# Husky H5000 .270 (Husqvarna) Extractor--HELP



## amon (May 8, 2002)

I have a Husky H5000 .270 (Husqvarna) rifle. The extractor is busted and I can't seem to get the right one. It has a mauser-type action, but neither the extractor for the M98 nor the Swedish Mauser worked. I even bought an entire bolt assembly from Hoosier Gun Works, but it didn't come close to fitting my rifle (I guess the later Huskys had different actions).

I am at a loss. 

I have spent over a year trying to find one. This gun has extreme sentimental value to me and I am at a dead end.
Any help tracking one down would be greatly appreciated.
Thanks,
Dave G


----------



## M1Garand (Apr 12, 2006)

Have you looked at Brownell's?


----------



## A-plus (Mar 30, 2003)

You might want to try Dick Williams Gunsmithing in Saginaw he has a good supply of used gun parts. If he cannot help, you may want to check here - http://www.gunpartscorp.com/

The Huskies are definitely excellent rifles that are well worth repairing.


----------



## amon (May 8, 2002)

A-plus said:


> You might want to try Dick Williams Gunsmithing in Saginaw he has a good supply of used gun parts. If he cannot help, you may want to check here - http://www.gunpartscorp.com/
> 
> The Huskies are definitely excellent rifles that are well worth repairing.

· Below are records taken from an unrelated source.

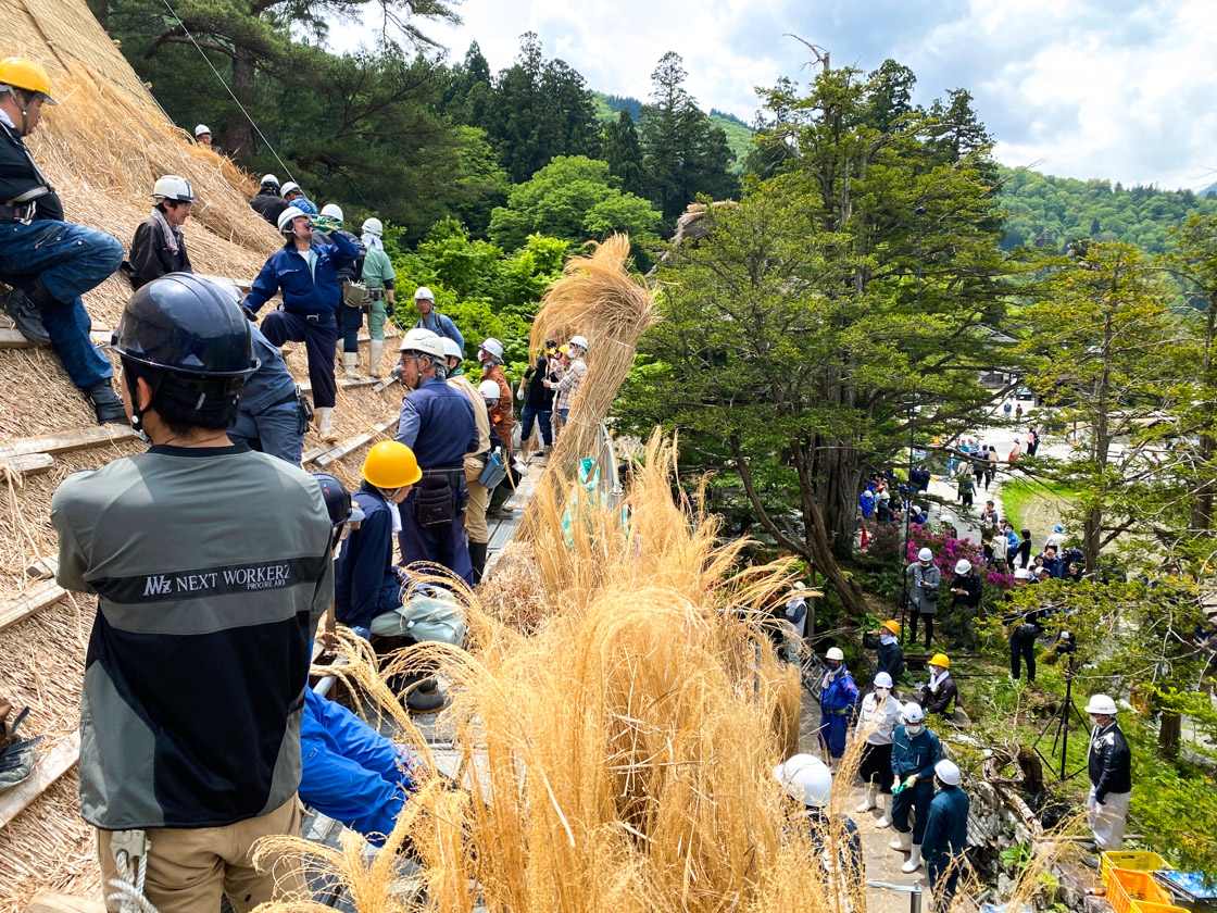 「合掌造りの屋根は30~40年に一度、老朽化に伴い屋根の葺替(ふきかえ)を行う必要があります。葺替には大量の茅を確保しておかなければなりません」。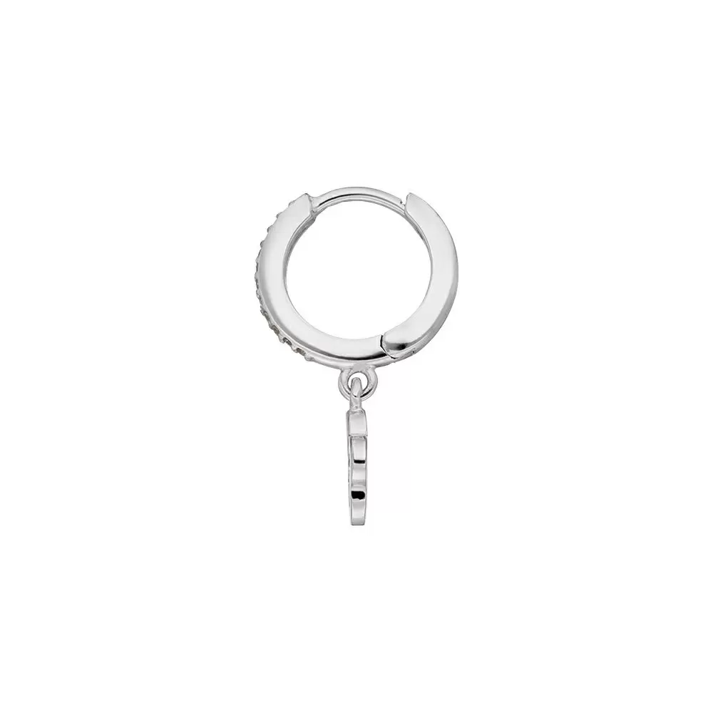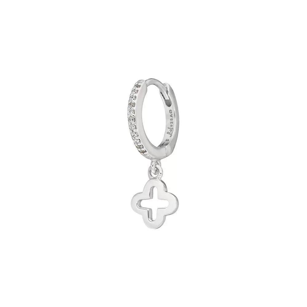 Leaf Single Creole „Clover Zirkonia“ 925 Sterlingsilber. Zartes und trendiges Design zusammen vereint – Diese entzückende Mini Creole besticht mit ihrer filigranen und dennoch verspielten Optik. Ein glänzendes Kleeblatt hängt an der mit Zirkoniasteinen geschmückten Creole aus rhodiniertem 925 Sterlingsilber und macht sie damit zu einem ganz besonderen Schmuckstück. Die Creole lässt sich ganz einfach mit anderen schlichten Hoop Earrings und Steckern kombinieren. Zaubere also mit diesem Eyecatcher ein dezentes Highlight und vervollständige Deinen individuellen Look.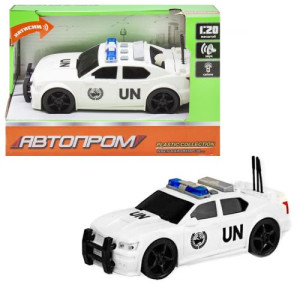 Яркая инерционная полицейская машина. Имеет звуковые и световые эффекты. Изготовлена из прочного пластика. Масштаб: 1:20.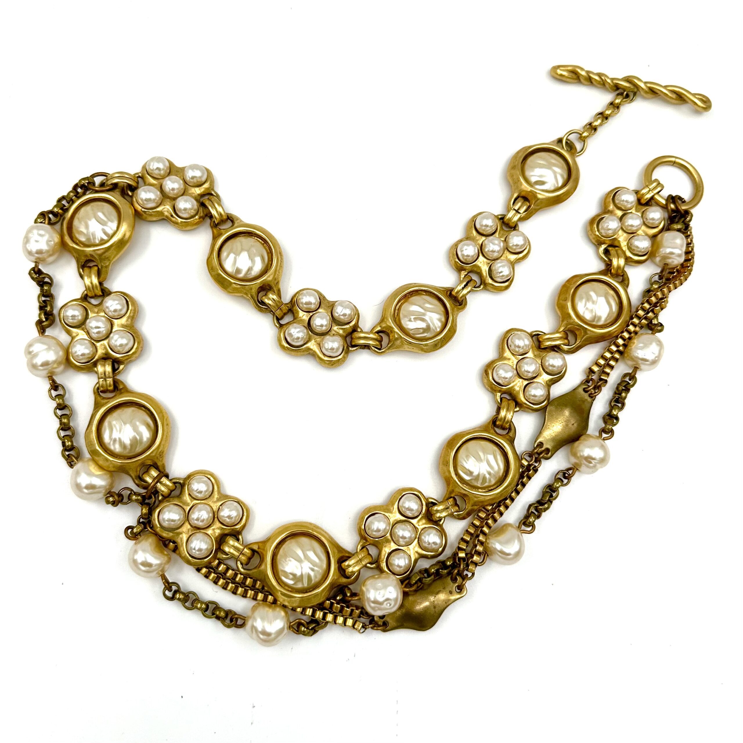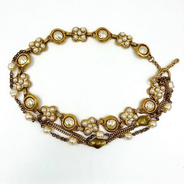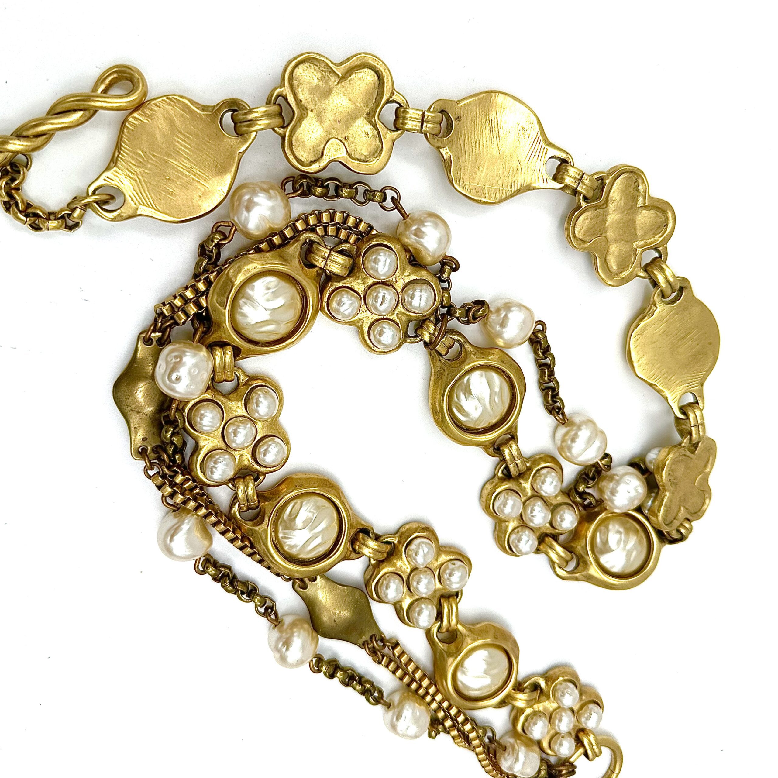 This Robert Lee Morris for Donna Karan Deluxe Jeweled belt is divine fashion. Created in the late 1980’s, this luxurious pearl encrusted belt is made with chunky solid brass castings that are gold plated. The pearls are antique French glass pearls  and there is a constructed drape which was an iconic theme in the DK collections. The closure is a large twisted wire toggle that goes through a large loop at one end of the belt. 29″ long, with a 3″drape.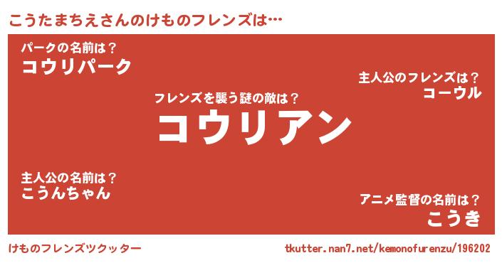 | 肩書あだ名 | 『こうたまちえ中将』『こうたまちえ助手』 |
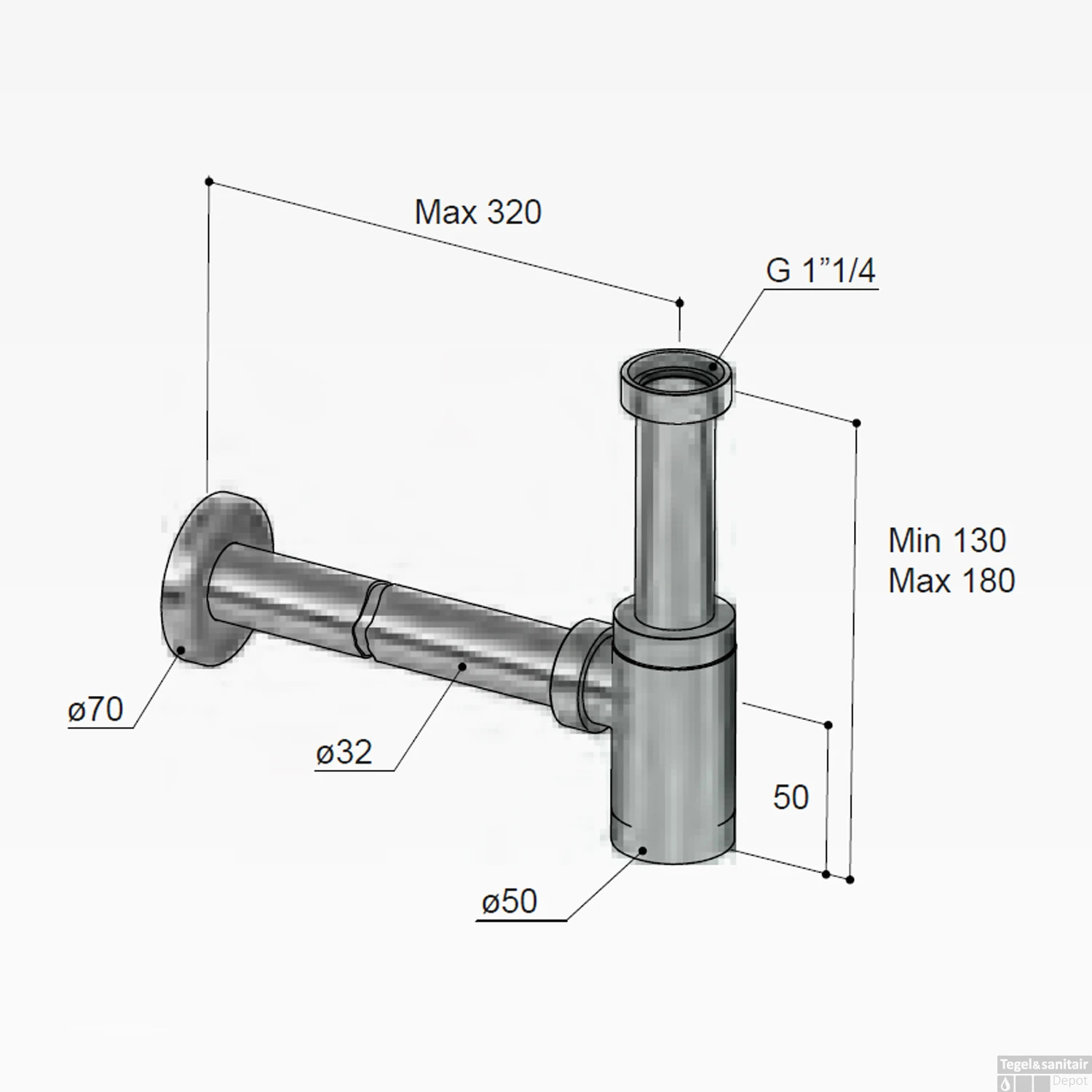 Specificaties Fontein Sifon Hotbath Cobber Rond Chroom: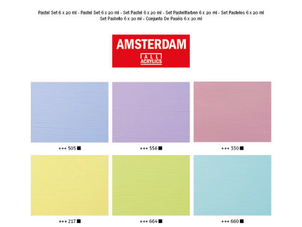 Amsterdam behoort tot ons meest populaire acrylverf wegens een onverslaanbare prijs/kwaliteitverhouding. Ze komen onder andere in handige sets. Deze set heeft een selectie met zes mooie pasteltinten. De tubes, 20 ml, zijn klein en dus ideaal voor kleine details (zoals highlights) of om eenvoudig mee te nemen.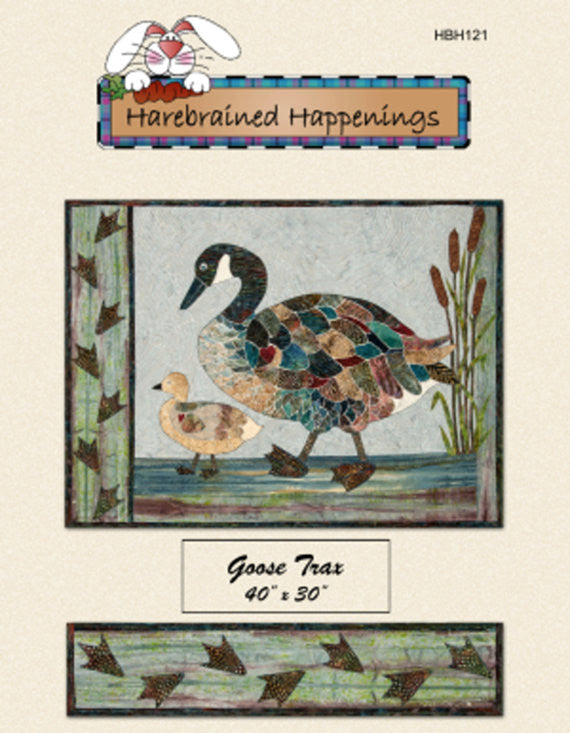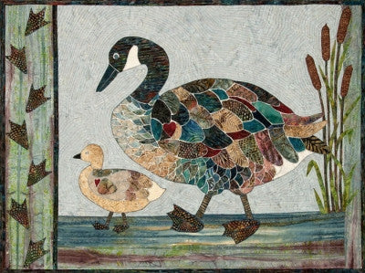 This pattern is for a Canada Goose and her baby walking along the water with bulrushes along the right side and webbed feet along the left. The pattern includes a full size 24" x 24" printed pattern diagram. It is machine or hand applique pattern. The finished size is 40" x 30", 19" x 14" - bottom picture on front of pattern.

Hey guy, thanks for the tip. I did try the online source already, and they sent me an extractor for a M98 Mauser. It's not a M98 nor is it a Swedish Mauser-type extractor. I'm at a loss. I'lll try the guy in Saginaw, thanks!!

It is an excellent gun. My dad got it in the early 60's and it was his favorite gun, which is saying a lot considering he had a great stash of weapons. It's deadly accurate to 500 yards and beyond. 

I'm so frustrated I can't even begin to tell you. Somewhere, there is a dude out there that not only knows the answer to this question, but he has the exact part I'm looking for!

:SHOCKED:


----------